THE supermarket row in Shipston reignited this week when an appeal was lodged against Stratford District Council’s decision to reject it.
The controversial plan gripped the town for over a year before it was thrown out at a lengthy and heated meeting in January.
On Tuesday, developers Ainscough Strategic Land confirmed they had indeed appealed the decision, like many expected them to.
Five hundred people signed a petition backing the supermarket on land off Campden Road, and John Brooks, planning director at Ainscough, said: “We have been overwhelmed by the support we’ve received from the local community, and were very disappointed to see the application rejected.”
Over 200 full and part-time jobs would be created, he said, confirming Ainscough’s commitment to developing the site.
Earlier this year, hundreds of people with a mixture of pro and anti-supermarket signs packed into Shipston High School.

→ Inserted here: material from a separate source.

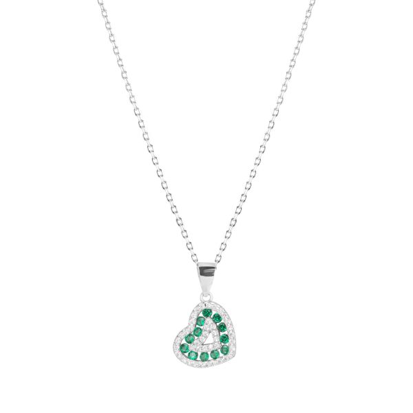 Collana Da Donna in Argento Rodiato Cuore Pendente con Zirconi verdi e Bianchi
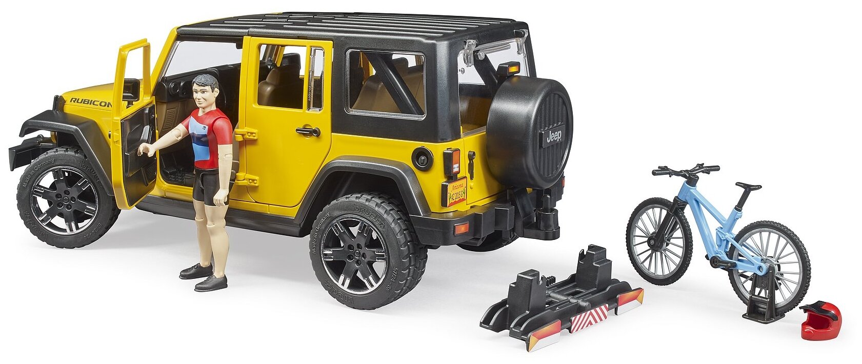 Автомобиль игрушечный Bruder Внедорожник Wrangler Rubicon Unlimited c велосипедистом и фигуркой, арт. 02543

They watched a Stratford District Council planning committee unanimously reject the plan to build a supermarket, a petrol station, 54 houses, and a retirement development of 130 homes on land off Campden Road.
On that night Jeff Kenner, the fervently pro-supermarket Labour district councillor for Shipston, ominously said: “If you reject it, it will be upheld on appeal.”
“Delighted” with this week’s news, he warned: “If the council decides to defend the appeal it will incur substantial costs at the taxpayer’s expense.”
Cllr Kenner, who was voted onto the council last November because of his pro-supermarket position reckons the decision to appeal has “undoubtedly” been influenced by the huge amount of local support for the proposal.
However, at the meeting, there were more ‘no’ signs than ‘yes’ signs, and the town appears to be split down the middle with no obvious sway either way.
Both the pro ‘Shipston Needs a Supermarket’ (SNAS) group, and the anti ‘Shipston Heart Alive Campaign’ (SHAC) claim a majority.
William Trevethick, chairman of SHAC, was unsurprised the developers had appealed. “Our position hasn’t changed,” he said. “We remain opposed to this application, which we consider to be the wrong development in the wrong place.”
He said the town centre could lose between 60-90 per cent of trade, and that 130 extra-care homes would put a huge and uncontrollable strain on the town’s medical services.
“This is simply not sustainable to the life of the town,” he said.
Cllr Kenner disagrees, and reckons the town centre could tap into the market of an estimated 7,000 new customers coming to Shipston each year because of the supermarket.
He said: “With local jobs being lost in the town, such as those under threat at Turbine Blading, it would provide a huge boost to the local economy if this development is given the go ahead and it would also be a massive vote of confidence in the people of Shipston.”
The appeal has gone to the government’s planning inspectorate, which is yet to set a date for the hearing, but it is expected to be within ten to 20 weeks.